Workflows are available to pre-process:
- DNA-seq data for the characterization of:
- Variants (single-nucleotide variants, indels)
- Structural variants (copy number variation, translocation, inversion)
- MRNA-seq data for the characterization of:
- Gene expression levels
- Allele-specific expression
- Splice variants
- Fusion genes
- Outlier analyses
- Methyl-seq data from the RRBS protocol and whole-genome sequencing
- Chromatin immunoprecipitation sequencing (ChIP-seq) and ChIP-exo data for the identification of transcription factor binding sites and histone modification
- Long-read assembly and analysis (PacBio, 10X Genomics, Moleculo)

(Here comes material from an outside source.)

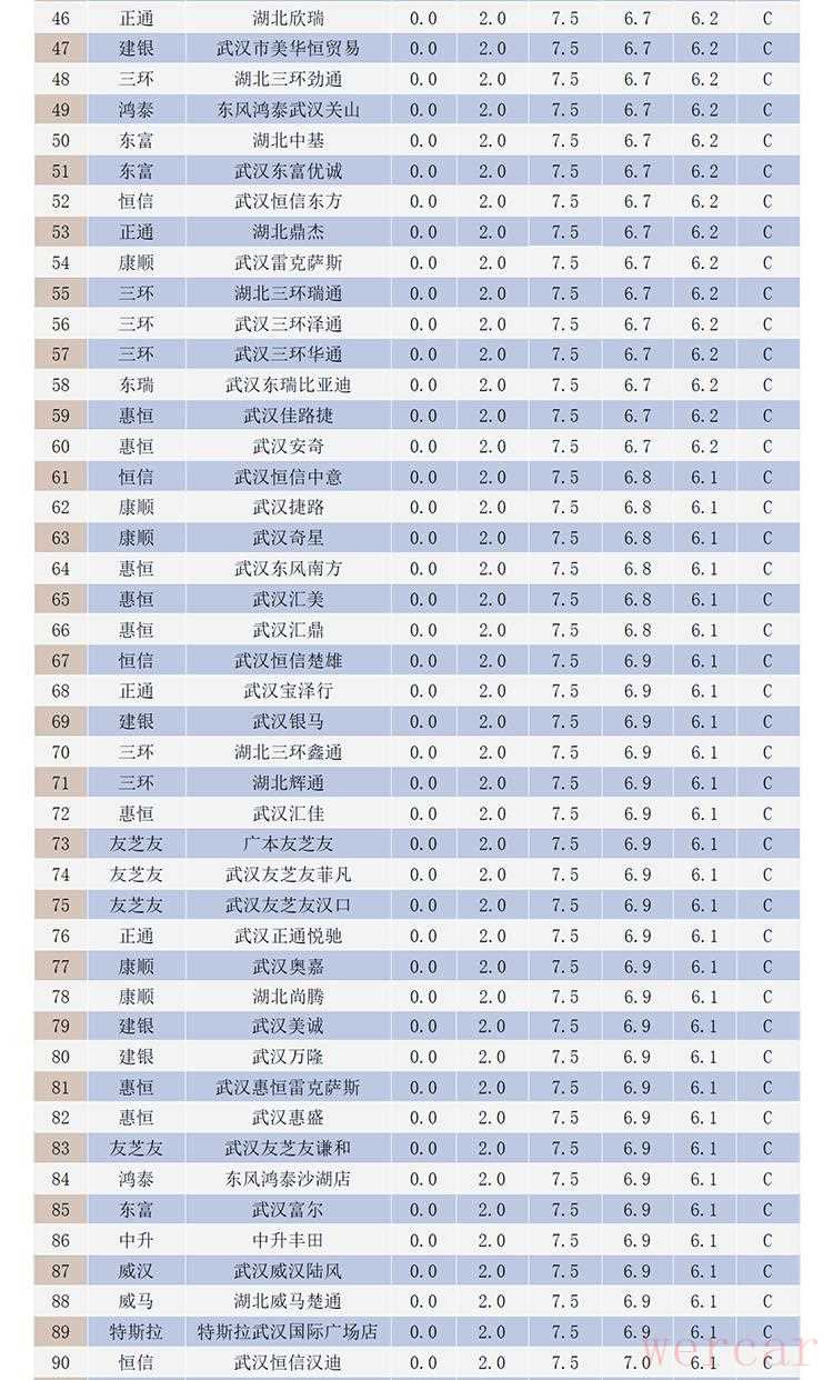如排名倒数第二的武汉江城威汉4S店和倒数第五的武汉奥诚4S店,负面信息均涉及4S店的服务问题。
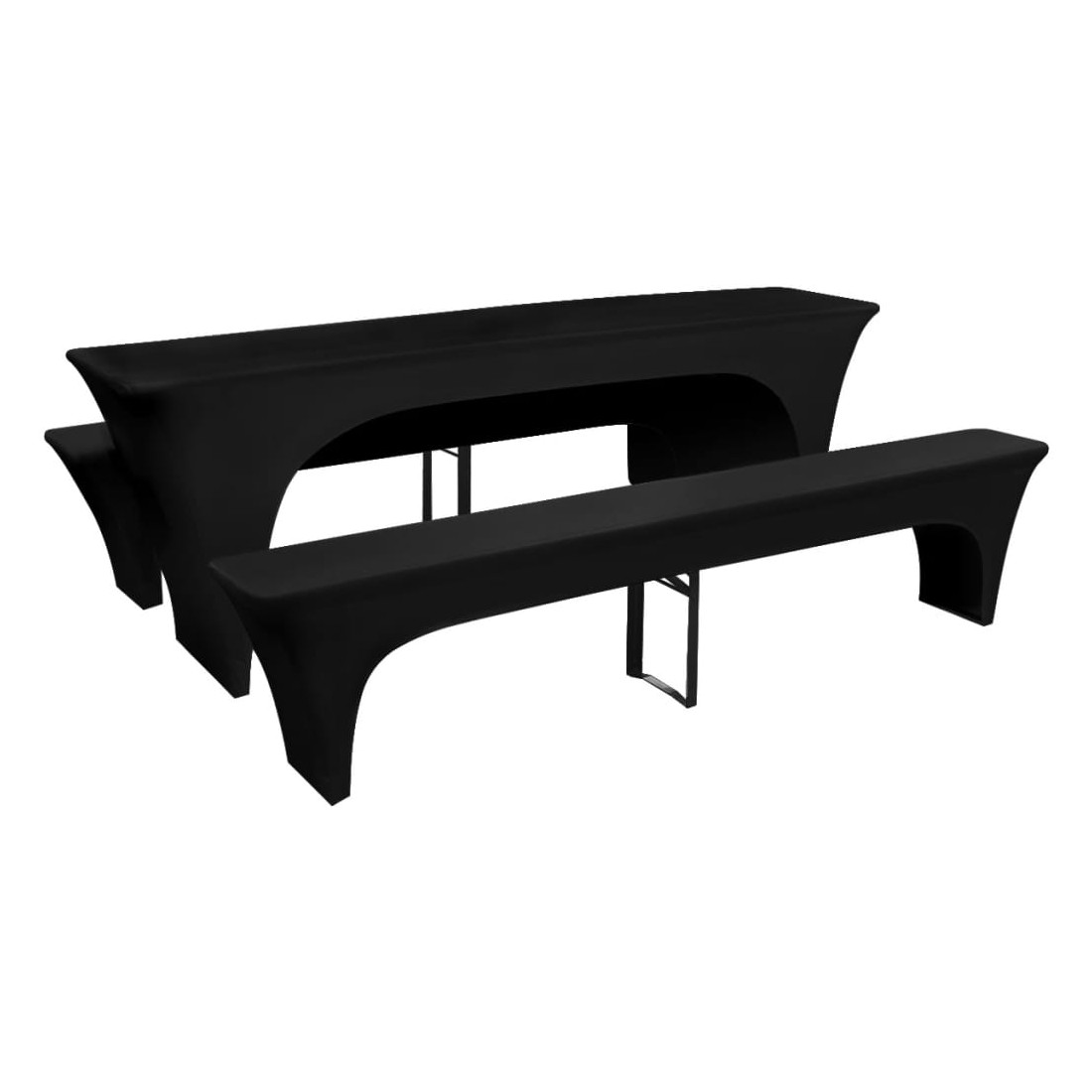 Housses de table et bancs Extensibles 3 pcs Noir 220x50x80 cm

- Multiomics integrative analyses
- Pathway, network and predicted functional enrichment analyses
- Analytical support for samples from humans, animal models and cell lines
- MiRNA-seq) data for the quantification of microRNAs
- Linc-RNA data for identification and quantification of long noncoding RNAs
- Single-cell technology workflows
- Microbiome and metagenomics data
- Proteomics and proteogenomics data
- Metabolomics data
Data analysis and integration
A critical step to the extraction of disease-relevant information from raw data is the annotation of omic data and integration with clinical correlate data. This often includes combining multiple omic data types to enable a more comprehensive understanding of the disease or condition being investigated.
To support this activity, the Center for Individualized Medicine has created the Omics Data Platform, an enterprisewide repository of all research and clinical sequencing data generated from Mayo Clinic patients. Integrated applications and user or scripting interfaces enable Mayo Clinic investigators to query and analyze this comprehensive data resource.
Connections to the Enterprise Data Trust — a Mayo Clinic data warehouse that stores patients' clinical histories — and other clinical data repositories enable bioinformaticians to model and study clinical and omics information about Mayo Clinic patients, as well as biological knowledge from both Mayo Clinic and public sources, in the context of a larger biological system.
The program's experts analyze omic data and work with investigators and clinicians to interpret the results.
They use association methods to identify variants that are significantly associated with the disease phenotype or directly involved in the biological mechanisms underlying complex diseases. Targeted methods evaluate single-gene changes that may be complicit in disease and enable individualized patient diagnoses. In the data interpretation process, the program is looking for both the "what" and the "why" — in other words, the cascade of molecular events that lead to the development of a disease.
The mechanistic understanding of a disease may lead to new or better ways of treating patients by identifying existing drugs that can be repositioned to treat different conditions or by discovering new drug targets for which new therapies can be developed.
The Bioinformatics Program is developing new methods that are published in peer-reviewed journals. Methods and applications are made freely available via bioinformatics software packages.